Operation Escape – The Ops Room

Summary
A great example of how a low-tech escape room need not be written off as “Gen 1”. The Ops Room is a great first escape experience and tied its puzzles together wonderfully.

Review
Living in south-east London, it’s a bit of a surprise that I hadn’t been out here much earlier.

I’ve probably reached that stage that I need to stop booking rooms out of my London Escapists email, because our host welcomed us having read the site and knowing “the reviewers are in” – maybe I’d prefer it to be a surprise. She was in a period uniform and very welcoming and friendly.

We had a quick verbal briefing instructing us what to do in each part of the game and how to proceed. One of the dangers when the host sees some experienced players is that the briefing gets trimmed down to “the usual escape room principles apply”, and there then can follow a bit of checking about what those “usual principles” are, because there’s often a few differences. I asked for clarification and the host needed to check herself to avoid spoilers. Perhaps a lesson to assume nothing…

And then it was time to head in. The room allowed for a reasonable amount of working in parallel, before bringing what we’d done together to get ourselves to the next section. We had knocked out the first set of puzzles reasonably promptly, before I fell into what is becoming a recurring trap of doing all the right things and then failing to operate a lock correctly, which cost us 15 minutes faffing about and looking for something else before we eventually got a hint.

The second segment was a very well interweaved set of puzzles which again we made rather heavy weather of – most of the information and clues we needed were available for us to see, but we didn’t quite put everything together. Again the game allowed the three of us to branch out and look at things separately before combining it all for a collective answer. There were few surprises but I did think we’d finished everything a little before we actually had.

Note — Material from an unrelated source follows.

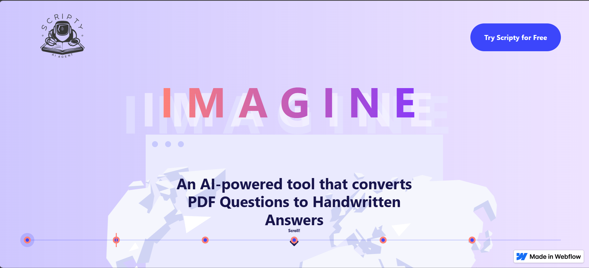 Scripty is an AI-powered smart assignment generator that converts handwritten or text-based PDFs into clean, editable, and submission-ready handwritten-style documents. It leverages OCR to extract text from uploaded PDFs, uses AI models to rewrite or generate well-structured answers, and renders the final output in natural handwritten fonts with ruled-paper styling, allowing users to make last-minute edits before exporting polished PDFs.

Hints came by “telegram” notes under the door, most of which were laminated making it clear that they were reusable, but there was scope for handwritten custom hints when something unplanned arose!

Outcome
We made very heavy weather of puzzles by not listening to the briefing very well and failing to adequately operate locks, thereby ensuring we didn’t trouble the leaderboard with our time of 51 minutes and 3 hints.

In numbers
Overall: 9/10
Difficulty: 4/10
Theming: 8/10
Host: 9/10
Wow: 4/10

This is a perfect example of how to do a great room without getting complex on tech. It’s potentially a tad easy. Props were appropriate to the period and theme, and there was a reasonable mix of puzzle types without excessive red herrings.

Hosting and GMing was particularly competent.

Other details
Accessibility: Excellent. Completely flat throughout, accessible toilet on the premises too.

Alerts: None

Capacity: The single room takes 2-5 players. We were a group of 3. Any more would have been getting in one another’s way. Definitely viable for 2 people.

Cost: A wallet-friendly £50 for our team of 3. Prices range from £40 for a pair to £75 for a 5-person team.

Photo: Taken on a phone afterwards with optional dressing-up box provided. Appeared on Facebook same day.

Getting there: The venue is 5 minutes on foot from Bromley Bus Garage. We used bus 261 which connects with Bromley South, Bromley North, Grove Park, Lee, and Lewisham National Rail stations. Bus connections are also available from Orpington on the 61. If you don’t mind the walk, it’s around two miles from any of Hayes (Kent), Bickley, and Petts Wood stations, each in zone 5.